Tried it...
First, your code didn't compile anything, because you didn't compile the actual object but the one that you used to be feeded in the super(Object3D)-call, which doesn't work. So "Block" should actually look like this:
package env;
import com.threed.jpct.*;
/**
*
* @author User
*/
public class Block extends Object3D
{
private static final long serialVersionUID = 1L;
public static Object3D MODEL = null;
public static Object3D getModel()
{
if(MODEL == null)
{
MODEL = Primitives.getCube(0.5f);
MODEL.setTexture("box");
MODEL.setEnvmapped(Object3D.ENVMAP_ENABLED);
MODEL.setCollisionMode(Object3D.COLLISION_CHECK_OTHERS);
MODEL.build();
MODEL.compile();
MODEL.rotateY((float) -Math.PI / 4f);
}
return MODEL;
}
public Block()
{
super(getModel(), true);
shareCompiledData(MODEL);
compile();
}
}
With that, the block will actually be compiled. However, that doesn't really help much (if at all)...

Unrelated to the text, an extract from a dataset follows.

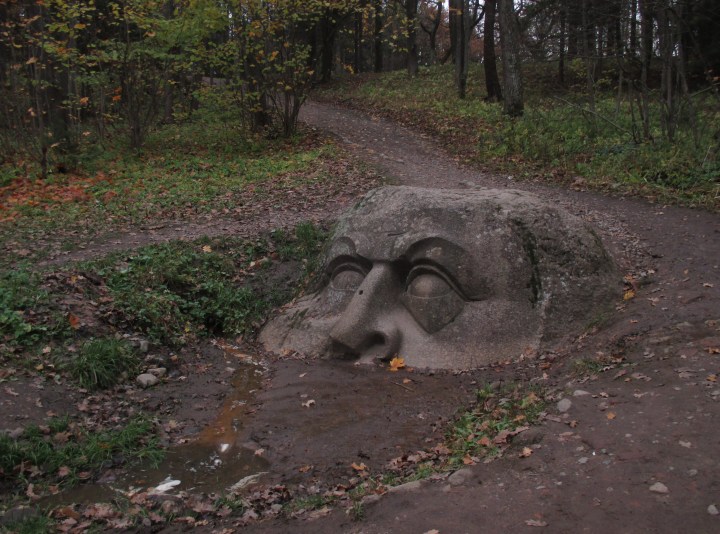 Паломничества к одной из популярных парковых достопримечательностей не прекращаются круглый год. Исполинская скульптура «Голова», федеральный памятник работы неизвестного автора кон. XVIII — нач. XIX веков, расположен в овраге, в начале родника, и над землей видна только его верхняя часть.

(But you should do it anyway...).
So, what's the reason for this? I did some benchmarking with your test code and discovered some minor bottlenecks, which i've fixed in this beta jar:
http://www.jpct.net/download/beta/jpct.jarHowever, even with this jar, it's still not very much faster. So i decided to tweak settings for this particular scene (i.e. all blocks in view, nothing clipped, nothing culled, nothing transparent etc...) by adding these lines:
Config.doSorting=false;
Config.alwaysSort=false;
Config.glMultiPassSorting=false;
Config.useFrustumCulling=false;
The first three ones disable sorting completely. It's not needed in your scene. It might be needed in more realistic scenes though.
The last line disables frustum culling, which isn't helpful if all objects of a scene are in view.

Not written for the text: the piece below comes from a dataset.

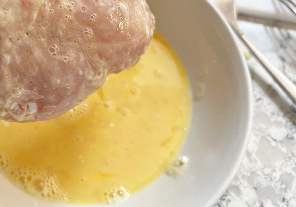3. Place eggs and a teaspoon of water into a shallow bowl, lightly beat with a fork.

With that, performance slightly increases on my machine (Core2 Quad @ 3.2Ghz, Radeon HD 5870, Windows Vista, Java 6), but it's still pretty low. So i did some more detailed benchmarks to see where the time is actually spend.
The time taken for a complete render cycle is around:
34msThese consist of:
Engine work, i.e. iterate over all objects, setup transformation matrices, set engine states...that kind of stuff:
12msRender time, i.e. setting up OpenGL states and draw the display lists:
22msThe latter 22ms split into:
Setting up GL and similar actions:
9msRendering the DL:
13msSo we have 13ms that we can't avoid, because that's simple display list drawing that has to be done no matter what (Which means that the highest possible framerate when only making display list calls (which isn't possible) is somewhere around 76fps).
That leaves us with 9ms for GL setup and 12ms for engine work. Those 12ms again split into 9ms pure processing code and 3ms state management for OpenGL. Those 3ms can't be optimized away without killing performance on everything that's not as simple as this test scene.
So we have 2 * 9ms left. The parts that take this time are already pretty much optimized. It might be possible to squeeze out one ms or the other, but that's pretty much what it takes.
This application is a very special case as it renders very simple objects but tons of them. All the overhead (GL's and jPCT's) stacks up pretty high in this case. I don't really see how i can improve this much further. I would like to try your direct-GL-testcase to see, how that one really performs and if it's up to the assumptions about maximum possible performance that i made above. Maybe i'm doing something really stupid that i just don't see right now...